Statistical analysis

The main statistical analysis is planned when all patients have completed the 6-month visit. Results will be reported as mean scores with SD or proportions as appropriate.

To compare the primary outcome in the two groups we will use a general linear model with treatment group as a factor, and adjustment for duration of symptoms, gender and age. The analysis will be conducted according to the intention-to-treat principle.

For other analysis, comparison between groups will be done with, for example, independent samples t-test, non-parametric Mann-Whitney U test or Pearson’s χ2 test for crosstabs as appropriate.

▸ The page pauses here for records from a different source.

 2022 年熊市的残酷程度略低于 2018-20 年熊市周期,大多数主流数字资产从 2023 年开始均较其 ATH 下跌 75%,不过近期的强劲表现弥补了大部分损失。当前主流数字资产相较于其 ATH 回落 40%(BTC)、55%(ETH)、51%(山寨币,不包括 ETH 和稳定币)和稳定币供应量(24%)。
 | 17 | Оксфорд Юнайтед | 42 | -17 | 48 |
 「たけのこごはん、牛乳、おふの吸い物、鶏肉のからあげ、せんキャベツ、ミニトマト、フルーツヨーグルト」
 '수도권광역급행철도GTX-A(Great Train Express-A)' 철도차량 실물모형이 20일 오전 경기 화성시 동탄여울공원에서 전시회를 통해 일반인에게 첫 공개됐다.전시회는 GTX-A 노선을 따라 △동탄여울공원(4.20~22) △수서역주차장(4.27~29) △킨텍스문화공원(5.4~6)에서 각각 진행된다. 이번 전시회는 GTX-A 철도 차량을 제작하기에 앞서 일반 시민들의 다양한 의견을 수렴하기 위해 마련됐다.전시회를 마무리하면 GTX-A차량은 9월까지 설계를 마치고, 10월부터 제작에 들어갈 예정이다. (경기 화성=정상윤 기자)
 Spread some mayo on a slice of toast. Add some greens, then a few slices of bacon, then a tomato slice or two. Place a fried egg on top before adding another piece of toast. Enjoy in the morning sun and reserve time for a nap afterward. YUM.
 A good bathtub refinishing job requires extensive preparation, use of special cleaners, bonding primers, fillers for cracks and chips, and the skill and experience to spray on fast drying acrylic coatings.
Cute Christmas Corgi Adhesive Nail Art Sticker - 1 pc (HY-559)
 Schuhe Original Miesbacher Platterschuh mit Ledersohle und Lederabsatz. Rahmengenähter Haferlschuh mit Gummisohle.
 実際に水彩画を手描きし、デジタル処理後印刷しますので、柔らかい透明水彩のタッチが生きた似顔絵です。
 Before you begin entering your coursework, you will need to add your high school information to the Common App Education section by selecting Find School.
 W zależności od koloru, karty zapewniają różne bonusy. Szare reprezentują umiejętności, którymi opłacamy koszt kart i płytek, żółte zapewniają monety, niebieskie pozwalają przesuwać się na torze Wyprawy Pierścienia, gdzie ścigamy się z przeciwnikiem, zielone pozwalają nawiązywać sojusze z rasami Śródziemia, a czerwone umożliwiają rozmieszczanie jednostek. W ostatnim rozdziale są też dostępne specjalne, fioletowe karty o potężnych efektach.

Results from the FSS and PHQ-15 questionnaires will be dichotomised according to predefined cut-offs recommended for case definition and statistically treated as categorical outcomes.

P values <0.05 will be considered statistically significant.

Ethics and dissemination

The trial is registered on Clinicaltrials.org. The study will be conducted in accordance with ethical principles that have their origin in the Declaration of Helsinki and are consistent with Internation Conference of Harmonisation- Good Clinical Pratice (ICH/GCP) (and applicable regulatory requirements.

Each patient in the trial is submitted to extensive follow-up as previously described in terms of disease, effect of treatment and side effects to outweigh potential harms. The benefits are considered to outweigh the cons of this trial in the long term, with a potentially more evidence-based treatment of LNB and less extensive use of antibiotics.

Data from the study will be published in peer-reviewed medical journals.

Patient and public involvement

Representatives from the Norwegian patient organisation for Lyme borreliosis (Norsk Lyme Borreliose Forening) were invited and participated in the early stages of planning of the BorrSci project’s design and gave feedback on the drafts of the application for funding. They were also invited to continue work with the project. Inclusion to the study, implications of the intervention and time required to participate is discussed with each individual patient. Local newspapers and other media have been involved in making the project known to the public in different parts of Norway.